YOUR ASSIGNMENT> Retype, word for word, the line holding "A beautiful primary" and each line after it down to the end of the data; pictures are not copied.

RECORDED DATA>
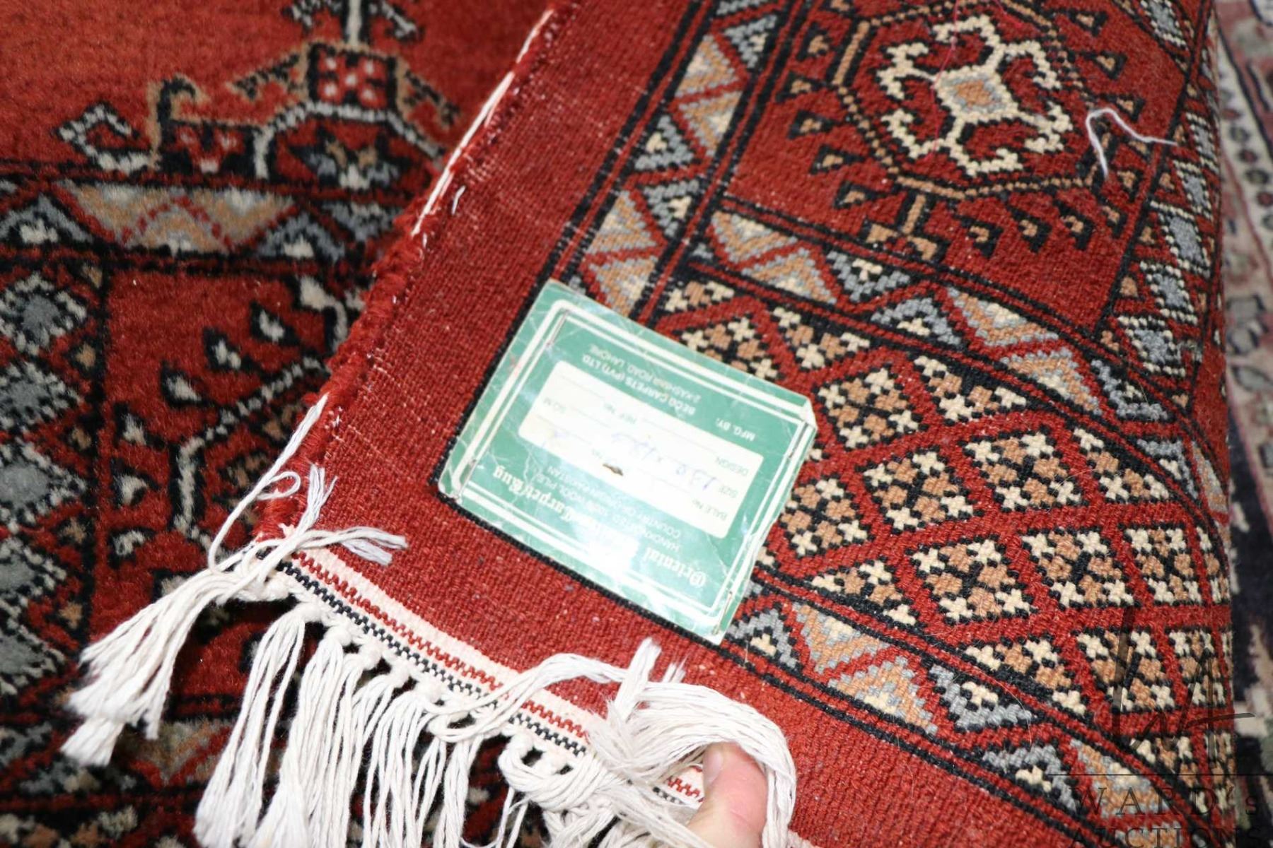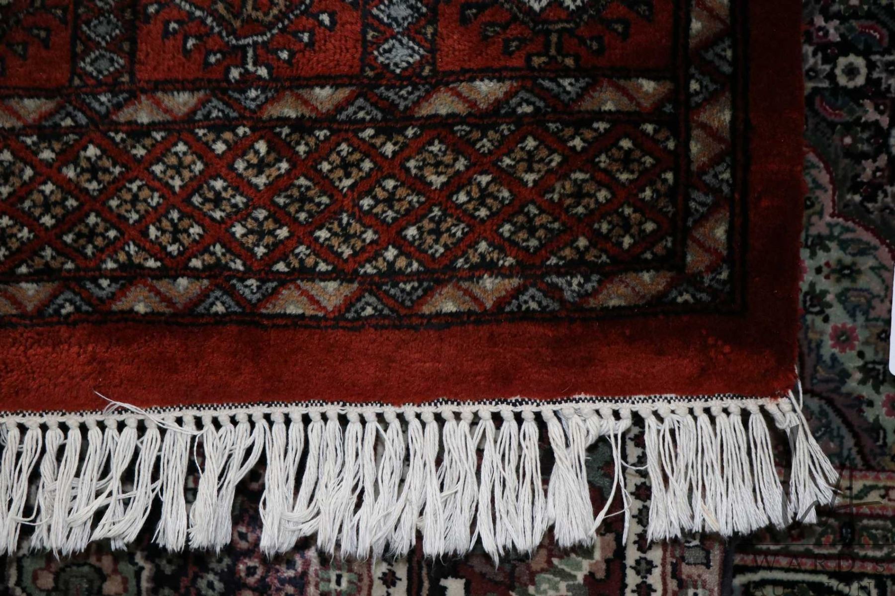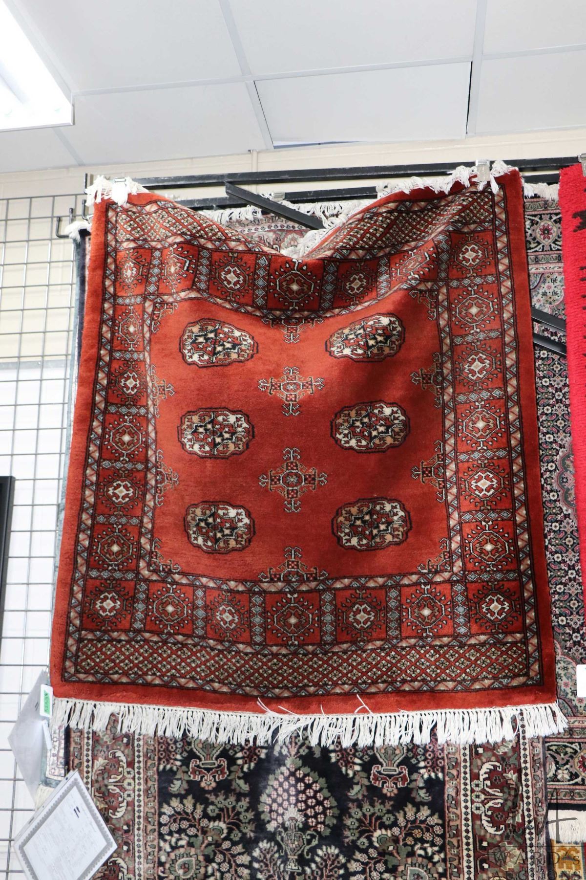 Small square wool area carpet with deep brick background, geometric design, fringed edge and highlights of blue, cream and taupe, 48" X 51"
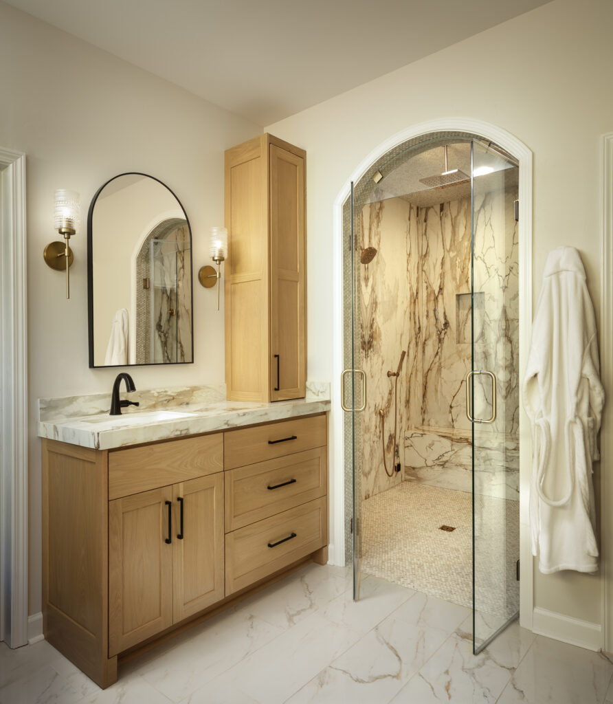 A beautiful primary bathroom renovation featuring Macchia Vecchia Marble.
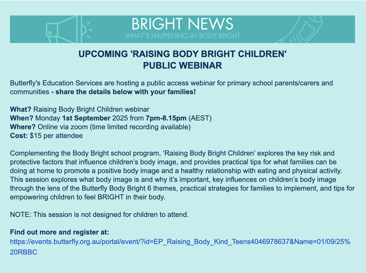 - A webinar run by The Butterfly foundation on raising Body Bright Children. Details are below.

EXERCISE ANSWER>
 A beautiful primary bathroom renovation featuring Macchia Vecchia Marble.
 - A webinar run by The Butterfly foundation on raising Body Bright Children. Details are below.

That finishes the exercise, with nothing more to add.